Relation between Data Mining and Machine Learning


This article belongs to forwarding, on the basis of this article, I will add some of my own ideas in the future.

I recently looked at schools abroad, separating machine learning from data mining. Data mining mainly deals with databases, learning what data warehouses, and using Oracle software. Machine learning seems to be closer to statistics.

Statistics department and computer department do very different work in data mining. My feeling is that statistics department integrates a subset of statistical methods into data mining (you can see that most of the data mining books only talk about dozens of methods), and computer department does database mining (software, database algorithm).

As for machine learning, I quote professor Ripley’s joke:

To paraphrase provocatively, ‘machine learning is statistics minus any
checking of models and assumptions’. — Brian D. Ripley (about the
difference between machine learning and statistics)
useR! 2004, Vienna (May 2004)

Generally speaking, the classical statistical boost formula proves the properties of various models. Machine learning, regardless of these, aims to predict better algorithms. These models (machines) have a characteristic that they can learn by themselves and improve prediction performance. Literally, they should be interpreted in this way, but in fact not all machine learning algorithms have the characteristics of “learning”. 。 So I think you are just putting on a jacket and packing statistics.
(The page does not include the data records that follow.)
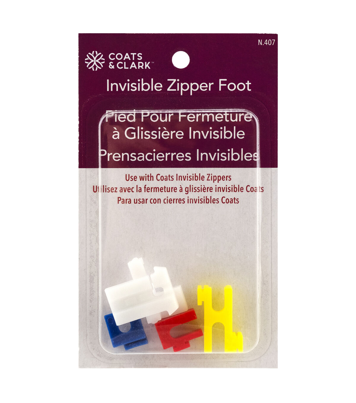 Included are three color-coded plastic shanks designed for four different machine types. (One shank is reversible) Use to install Coats & Clark and Talon® Invisible Zippers. 4 pc.
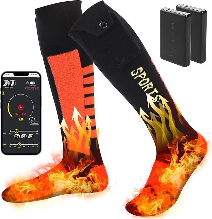 Heated Socks, Heated Socks for Men Women Rechargeable,5000 mAh Electric Heated Socks with APP Control,Heating Socks Washable Foot Warmer for Hiking Riding Camping Skiing Hunting Outdoor Activities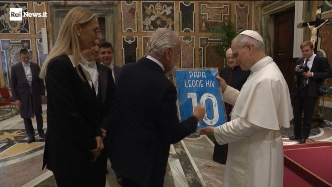 La squadra Napoli è andata in visita dal Papa Leone XIV e De Laurentiis gli ha donato la maglia numero 10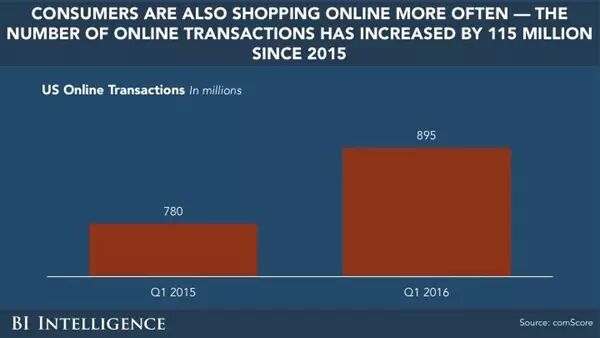 * D' C$ M; }5 L- U消费者越来越多的选择网上购物,网上交易额自2015年以来增加了1.15亿。( f9 e" Q3 y+ z7 E) l3 A/ G

After reading an article, I think that machine learning refers to those specific algorithms, while data mining also includes the establishment and maintenance of databases, data cleaning, data visualization and the use of results, which should be integrated into database, human-computer interaction, statistical analysis and machine learning technology.
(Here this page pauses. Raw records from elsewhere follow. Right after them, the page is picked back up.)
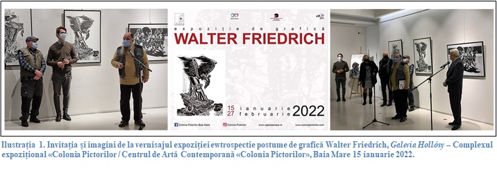 Albumul monografic consacrat operei artistului băimărean contemporan Walter Friedrich (1931-1996) – editat în 2021[i] și lansat în ianuarie 2022 cu prilejul expoziției retrospective postume, prezentată la Galeria Hollósy din cadrul Centrului de Artă Contemporană «Colonia Pictorilor» din Baia Mare, a marcat, simbolic și restitutiv, două comemorări petrecute simultan atunci, în anul 2021 și în „calendarul jubiliar 125” al Centrului Artistic Baia Mare: nouă decenii de la nașterea artistului și, respectiv, un sfert de veac de la trecerea artistului în istorie. Cu acel prilej, ne întâlneam cu o contextualitate bogată, trasată prin intersectarea unor repere simbolice ce veneau să focalizeze perspectiva integratoare, de readucere în actualitate a operei unuia dintre cei mai consistenți creatori care au modelat vectorii evolutivi ai Centrului Artistic Baia Mare în anii postbelici ai epocii sale contemporane.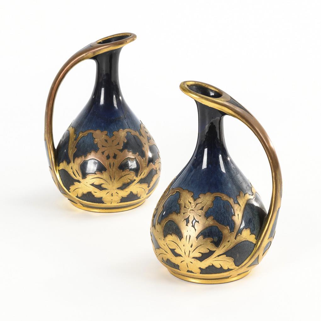 Paar Jugendstil-Enghalskannen mit Metallmontierung. Merkelbach & Wick, Grenzhausen.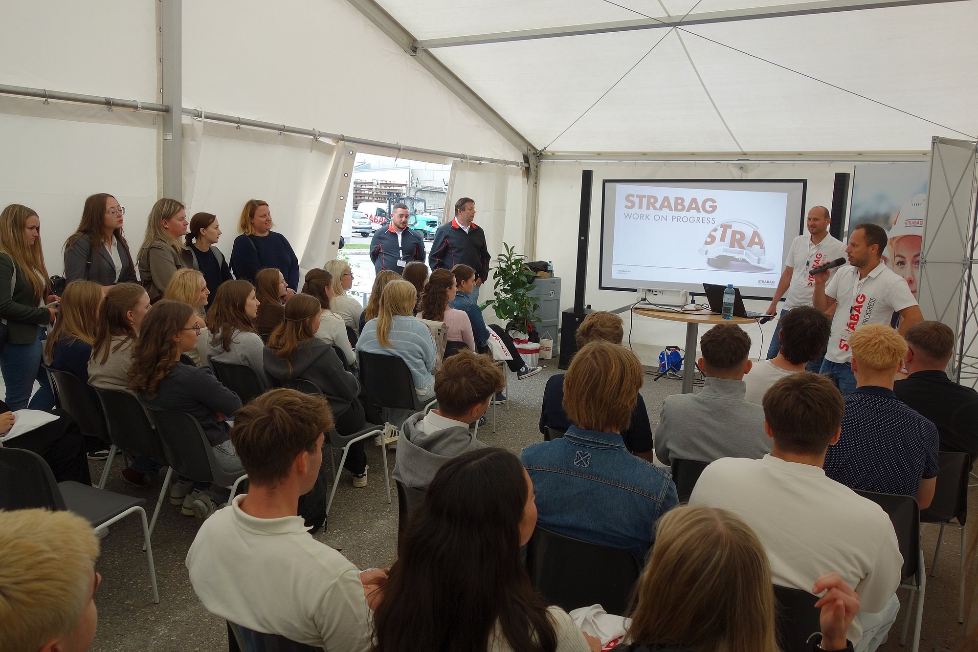 Kürzlich besuchten die vierten Klassen der Bauabteilung den Tag der offenen Tür der Firma STRABAG in der Zweigniederlassung Gerasdorf bei Wien. Die Schülerinnen und Schüler erhielten dabei spannende Einblicke in die vielfältigen Tätigkeitsbereiche eines der größten Baukonzerne Europas.

The relationship between machine learning and data mining and statistics is similar on the surface, but there are also very big differences.
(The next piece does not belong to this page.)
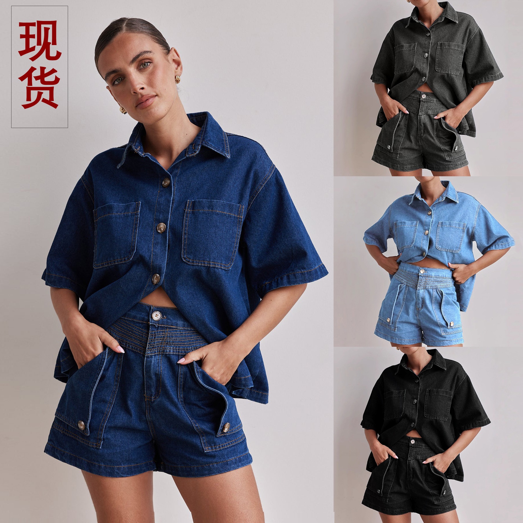 アマゾン対外貿易クロスボーダー2025夏欧米女装カジュアルレトロゆるいシャツデニムショートパンツセット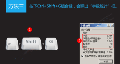 按下Ctrl+Shift+G组合键,会弹出“字数统计”对话框。

The similarity is that they are all tools for data analysis. There are ways to analyze the same data in three fields, and the basic principles are very simple.

The difference is that:

Statistical requirements for models are more stringent. As Xie cited, we must consider the various properties of models, such as large samples, small samples, unbiased, how large variance, whether C-R bound is achieved, whether consistent, and finally, model checking is best. Machine learning seldom cares about how the models work with large samples, nor does it care about the traditional properties of estimator. It may be because their models are too complex to be mathematically proven. This also reflects the use of normal distribution in statistics so much that it is easy to study with the nature of many models. It may also be because they are usually used in large amounts of data – but machine learning is concerned about something else. – error, including empirical error and structural error. For a simple example, we see that the two network models of neural network and support vector machine are very popular, easy to understand and useful, but many people do not know where they come from, and why they can be widely used for a wide range of data. Why is the accuracy very high? The reason behind this is very simple. They optimize these two kinds of errors separately. Machine learning focuses on studying these two kinds of errors. Through the research of these two kinds of errors, it turns out to be a subject with strong mathematical flavor, which uses a lot of analysis, which is also the essential difference between machine learning and data mining. Data mining only needs to design a fishnet (algorithm), and it can reach the pattern it needs in a large amount of data nets, which is quite similar in many cases. It takes luck. So many people say it’s a fisherman’s job.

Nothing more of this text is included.